Now think about what would happen if instead of knocking over the first domino, we knock over the sixth domino. If we also prove the inductive step, then we would know that every domino after the sixth domino would also fall. This is the idea of the Extended Principle of Mathematical Induction. It is not necessary for the basis step to be the proof that \(P( 1 )\) is true. We can make the basis step be the proof that \(P( M )\) is true, where \(M\) is some natural number. The Extended Principle of Mathematical Induction can be generalized somewhat by allowing \(M\) to be any integer. We are still only concerned with those integers that are greater than or equal to \(M\text{.}\)

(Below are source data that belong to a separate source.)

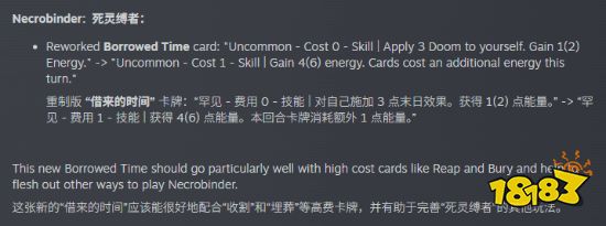 2. 骨头人平衡调整:“预借时间”效果改为获得6点能量,去除“自身获得3点灾厄”,新增“本回合所有卡牌消耗能量+1”。
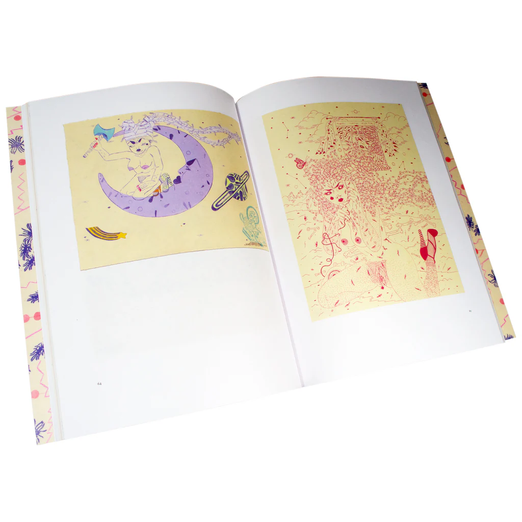 Cavegirl Monologue is Benjaminâs most substantial collection to date and the works range from the most minuscule of talismans to larger than life representations of female creatures. Much of the art in this collection is new and unreleased, but it also contains a selection from her artistâs books and foldout zines, including the recentâŻRomantic StoryâŻcollection that was wildly popular and is now out of print. It also contains paintings from her 2017 debut solo exhibition at Dress Shop in Brooklyn. The images compiled here are intended to be displayed together, all falling under the umbrella of her most recent work but also providing an integral passage in the cavegirlâs monologue.
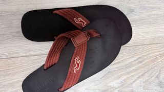 Chancletas de la marca Hollister. - Tira de tela marrón con logo. - Suela negra.
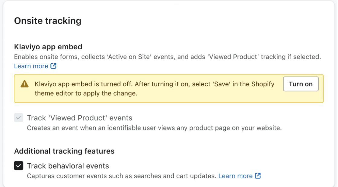 Il tracciamento sul sito di Klaviyo viene abilitato quando si attiva la nostra integrazione app in Shopify. Assicurati che le impostazioni dedicate siano selezionate in Klaviyo. Tracciamo i seguenti eventi:
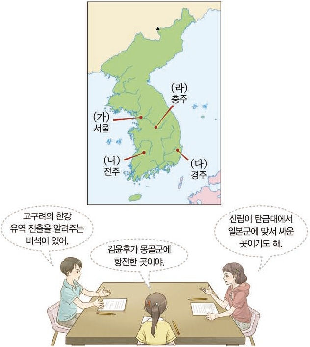42. 학생들이 공통으로 이야기하고 있는 지역을 지도에서 옳게 찾은 것은? [2점]
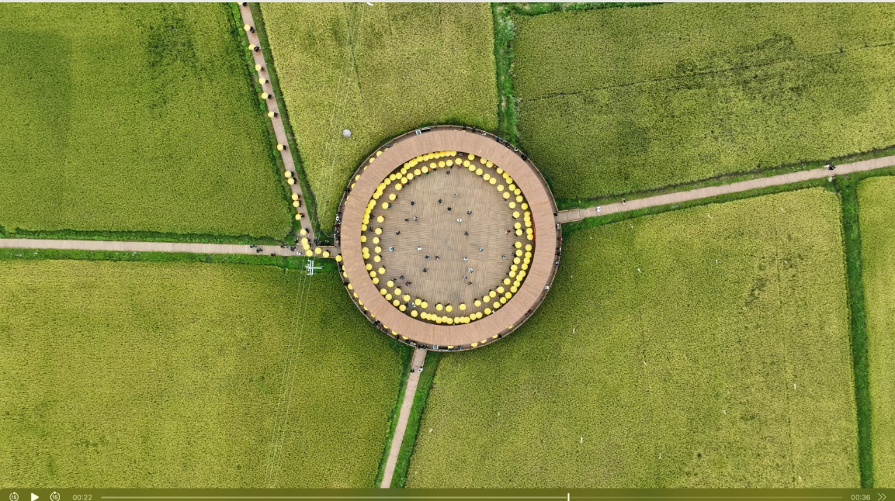世间绝有的景色,再融合丰收的景象,属于这片山水的魅力变得愈发独特。

The Extended Principle of Mathematical Induction.

Let \(M\) be an integer. If \(T\) is a subset of \(\mathbb{Z}\) such that

  1. \(M \in T\text{,}\) and

  2. For every \(k \in \mathbb{Z}\) with \(k \geq M\text{,}\) if \(k \in T\text{,}\) then \(\left( {k + 1} \right) \in T\text{,}\)

then \(T\) contains all integers greater than or equal to \(M\text{.}\) That is, \(\left\{ n \in \mathbb{Z} \mid n \geq M \right\} \subseteq T\text{.}\)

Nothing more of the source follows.